Australian politician

William John Fergusson was a solicitor and politician from New South Wales, Australia.

He was a practicing solicitor in Sydney before entering politics, having been admitted in March 1876. He was elected to the New South Wales Legislative Assembly for Glen Innes, at the 1880 election, serving until 1887. Fergusson supported William Clarke's attempts to form a third party, however these failed with no other parliamentarian joining them, and Fergusson sat with the opposition to the ministry of Patrick Jennings.
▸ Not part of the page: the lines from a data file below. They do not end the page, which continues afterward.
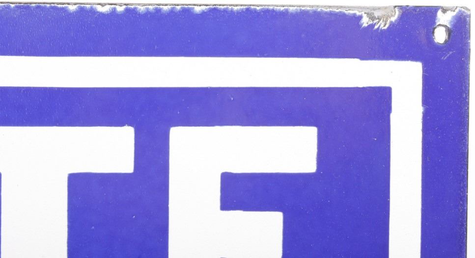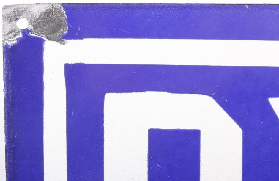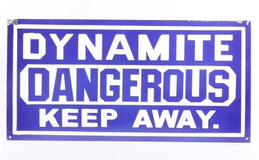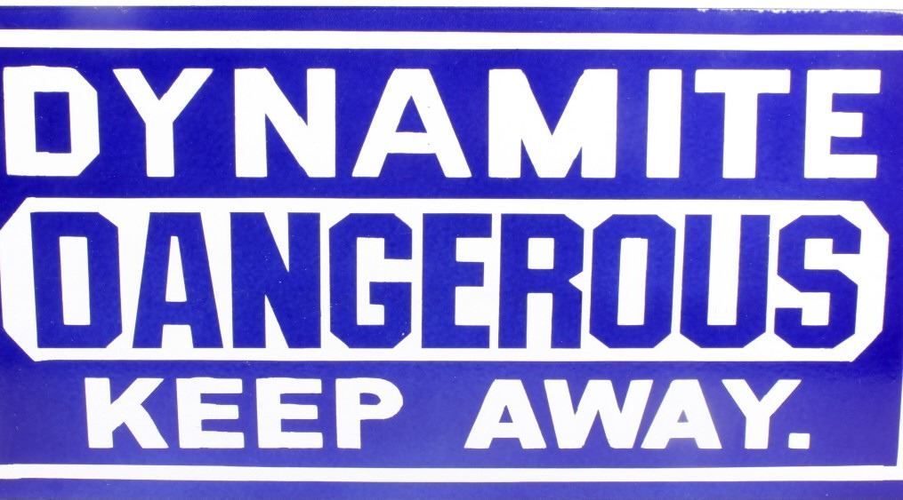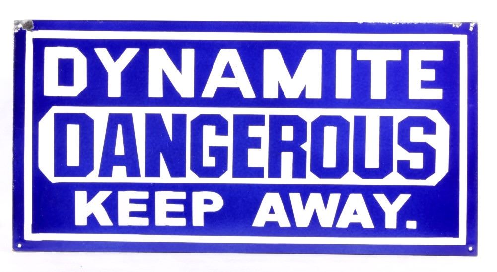 This is a Dynamite Mining Porcelain Enamel sign showing bright blue and white coloring. Other exact signs are marked, "BSS SIGN WORKS 9-48" with the number either the inventory code or dating the piece to circa 1948 (this sign is not marked on bottom edge). The sign shows very well preserved condition (possibly new old stock), but does shows minor chipping on the edge. The sign measures 12" x 24".
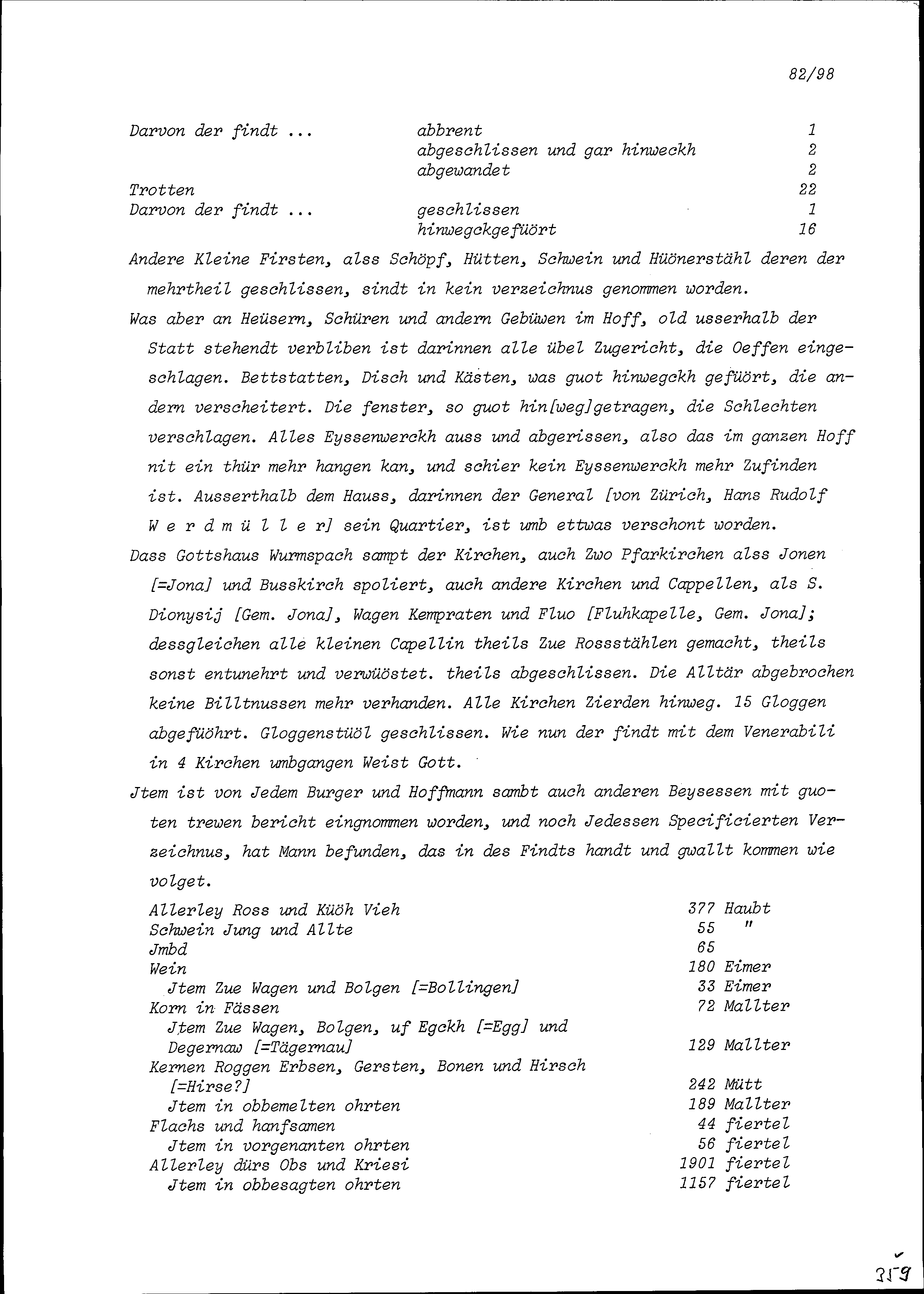Kriegsschäden von Rapperswil und umliegender Dörfer
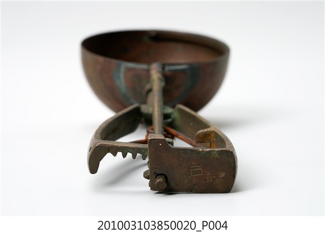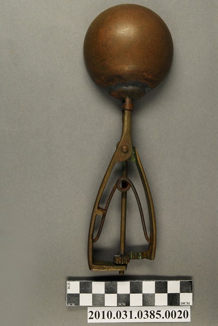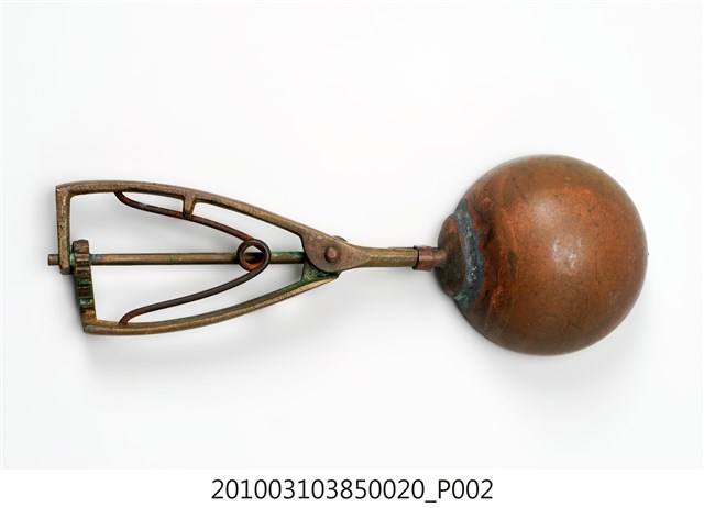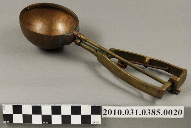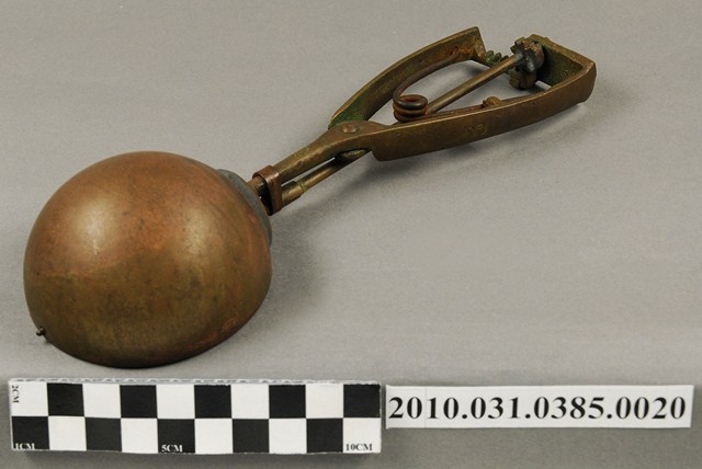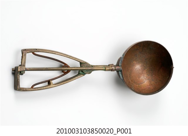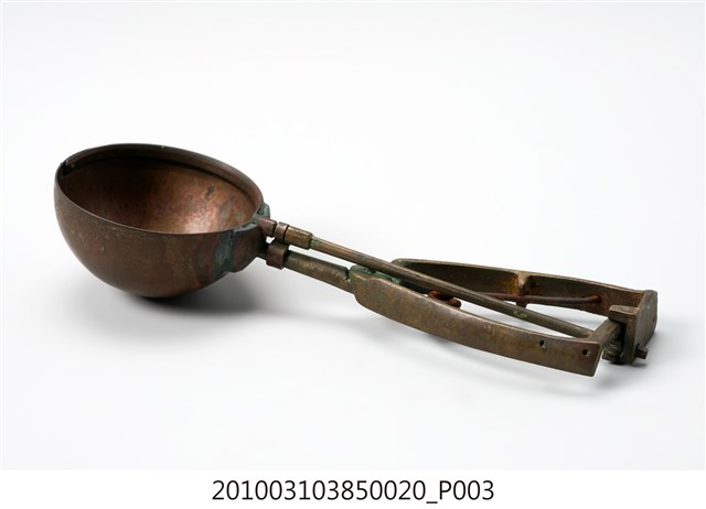 本件為天霸王芋冰販售器具組配件之一,為挖大球芋冰的銅冰杓,以黃銅製成,杓口直徑約7公分。冰杓由兩個交疊的半圓球形杓與杓柄組成,杓柄側邊壓有數字「23」,是採用簡單機械原理的器具。使用時,先將杓插入冰淇淋中,手部緊壓杓柄,杓柄會牽動轉軸,帶動上方的半圓球形杓轉動,接著舀起冰淇淋,再將加緊得杓柄鬆開,轉動的半圓球形杓及轉回原位,舀好的冰淇淋球便掉入備好的容器中。

Political parties emerged in New South Wales in 1887, divided on fiscal lines, and despite his previous opposition to Jennings, Fergusson stood as a candidate at the 1887 election for Wentworth, finishing a distant fourth.

Very little is known of his biography, with his parliamentary biography bereft of the usual details. On 14 May 1881 he married Emily Maud Mary York. He was a partner in the legal firm Fergusson and Broad and by 1893 the partnership was in difficulty, having received £1,000 from a client and £500 went missing. The explanation offered by his partner was that Fergusson, who was in England, had sent a draft and the money lodged in the bank had been used to pay that draft. He was a trustee of the will of James York, and in 1893 the beneficiaries, including his wife sought to have him removed as a trustee and to account for the money received by him.

It appears that he never returned to Australia, and his wife obtained a divorce in 1912 on the grounds of desertion.

Fergusson is believed to have died in New Zealand.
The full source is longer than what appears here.